• _Input data_:
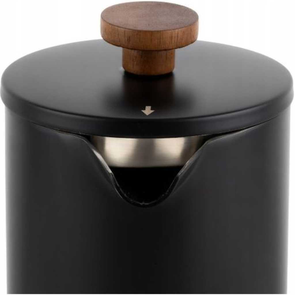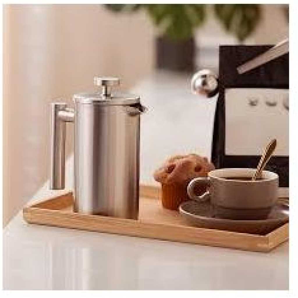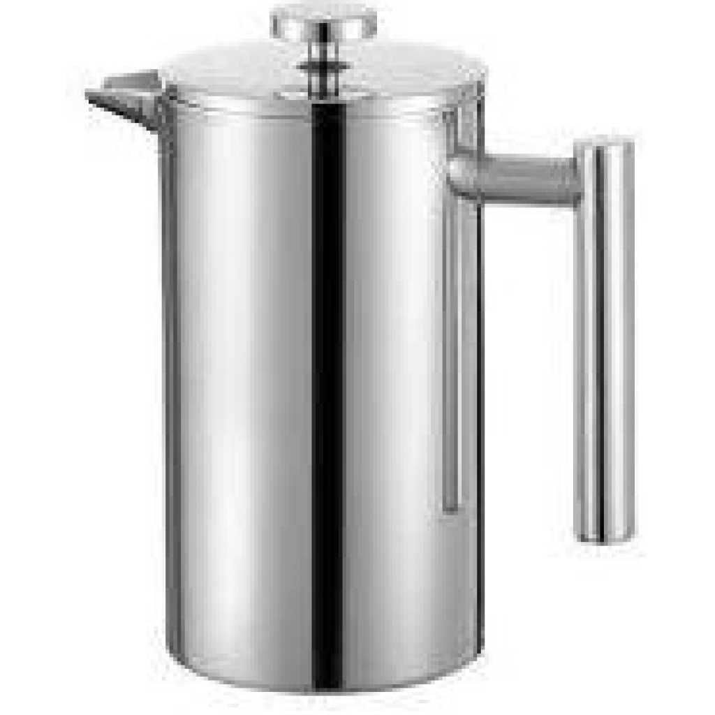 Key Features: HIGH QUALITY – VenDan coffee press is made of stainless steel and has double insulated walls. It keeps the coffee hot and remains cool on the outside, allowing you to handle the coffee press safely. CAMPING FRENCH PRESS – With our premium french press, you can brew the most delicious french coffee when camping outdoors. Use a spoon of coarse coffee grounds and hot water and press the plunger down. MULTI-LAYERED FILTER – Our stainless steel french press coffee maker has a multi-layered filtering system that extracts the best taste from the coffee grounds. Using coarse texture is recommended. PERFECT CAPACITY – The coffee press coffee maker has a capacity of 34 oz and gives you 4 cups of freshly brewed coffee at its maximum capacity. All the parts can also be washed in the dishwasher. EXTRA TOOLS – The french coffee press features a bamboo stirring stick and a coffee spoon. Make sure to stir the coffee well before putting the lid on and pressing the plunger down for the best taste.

...

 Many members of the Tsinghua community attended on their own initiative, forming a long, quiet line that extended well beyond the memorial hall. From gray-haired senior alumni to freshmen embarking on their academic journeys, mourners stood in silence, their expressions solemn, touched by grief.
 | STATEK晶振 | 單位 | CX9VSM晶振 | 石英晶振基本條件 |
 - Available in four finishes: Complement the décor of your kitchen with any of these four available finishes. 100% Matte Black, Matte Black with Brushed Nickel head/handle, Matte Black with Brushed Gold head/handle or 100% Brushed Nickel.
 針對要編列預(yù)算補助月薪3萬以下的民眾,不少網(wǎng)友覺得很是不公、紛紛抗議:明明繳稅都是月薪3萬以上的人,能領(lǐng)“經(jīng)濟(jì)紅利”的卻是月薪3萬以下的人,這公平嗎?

• _What is being asked_: Please return only the lines above, starting at the line that has "Many members of" and ending at the line that has "針對要編列預(yù)算補助月", keeping both and leaving each one unchanged.

• _Response to this exercise_:
 Many members of the Tsinghua community attended on their own initiative, forming a long, quiet line that extended well beyond the memorial hall. From gray-haired senior alumni to freshmen embarking on their academic journeys, mourners stood in silence, their expressions solemn, touched by grief.
 | STATEK晶振 | 單位 | CX9VSM晶振 | 石英晶振基本條件 |
 - Available in four finishes: Complement the décor of your kitchen with any of these four available finishes. 100% Matte Black, Matte Black with Brushed Nickel head/handle, Matte Black with Brushed Gold head/handle or 100% Brushed Nickel.
 針對要編列預(yù)算補助月薪3萬以下的民眾,不少網(wǎng)友覺得很是不公、紛紛抗議:明明繳稅都是月薪3萬以上的人,能領(lǐng)“經(jīng)濟(jì)紅利”的卻是月薪3萬以下的人,這公平嗎?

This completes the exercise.